← Back to context

Comment by dangoodmanUT

1 day ago

It has been 0 days since GCP has taken down a startup (again).

You see this at least once a year. Never heard of this from AWS or Azure.

In all seriousness, this is why we don't use them. They have the most ergonomic cloud of the big three, then absolutely murder it by having this kind of reputation.

On the other hand i can’t remember when there was a serious outage on GCP, unlike AWS/Azure who seem to go down catastrophically a couple of times per year.

  • I've been in AWS for almost twenty years at this point. It's been a long time since I've seen a global outage of the data plane on anything. The control plane, especially the US-east-1 services? Yes - but if you're off of east-1, your outages are measured in missile strikes, not botched deployments.

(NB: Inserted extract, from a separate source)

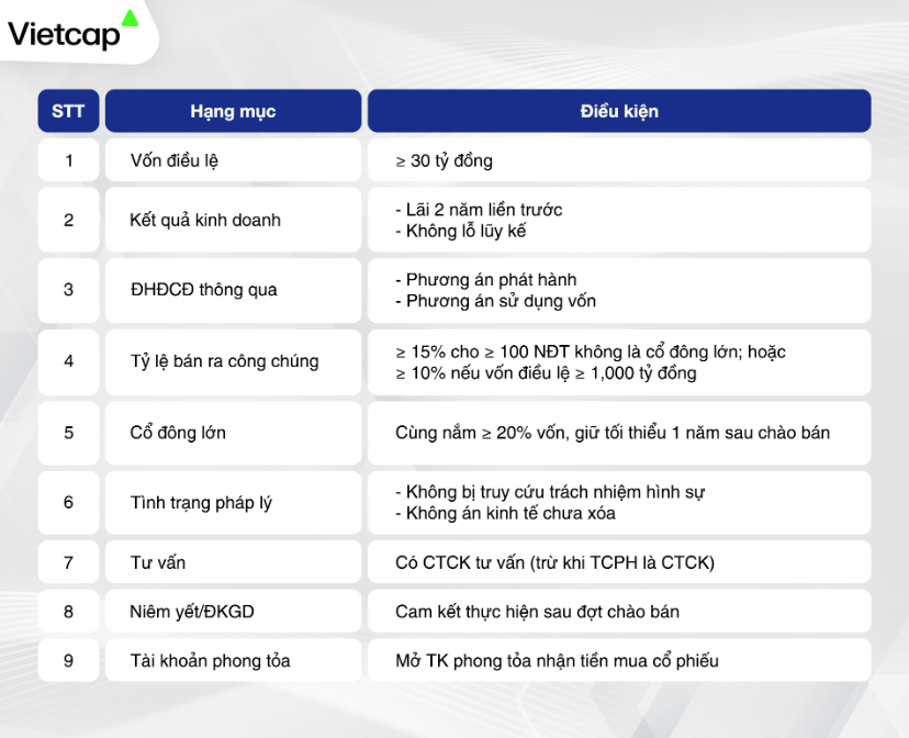 3. Điều kiện chào bán cổ phiếu lần đầu ra công chúng (IPO) tại Việt Nam

  • Perhaps you don't notice GCP outages because so few companies rely on them?

    • There is a mobile game I know of that had an outage as a result of a GCP service outage. That is the only time I've noticed GCP outages.

      With that said, I would not say few companies rely on GCP. Search for "GCP" in this month's HN hiring thread. There are 23 hits, more than Azure's 21. AWS has 90 hits, which I guess shows its sheer dominance in the startup space. But these figures more or less agree with my intuition of the major clouds being AWS/GCP/Azure.

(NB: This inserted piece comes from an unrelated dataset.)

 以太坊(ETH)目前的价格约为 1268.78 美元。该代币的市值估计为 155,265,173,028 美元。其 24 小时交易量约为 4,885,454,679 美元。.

    • > Perhaps you don't notice GCP outages because so few companies rely on them?

      GCP is the world's third largest cloud provider, and has around half of AWS' market share. Claiming no one uses it reads like Yogi Berra's "no one goes there anymore, it's too crowded".

      3 replies →

    • GCP has a lot of customers. But you wouldn't know the companies that do, unless you worked there and wanted to leak it, or it publicly comes out. Eg it's been publicly acknowledged that Apple uses GCP for iCloud, https://www.cnbc.com/amp/2018/02/26/apple-confirms-it-uses-g... , and Home Depot is another that's used as a case study, https://cloud.google.com/customers/the-home-depot but most customers don't want to make a big deal about being on GCP as it's none of our business who's hosting them.

      11 replies →

    • Spotify, Ebay, Paypal, Apple, Walmart, Uber are huge users. Lots of other big named companies are big users that I don't think are public.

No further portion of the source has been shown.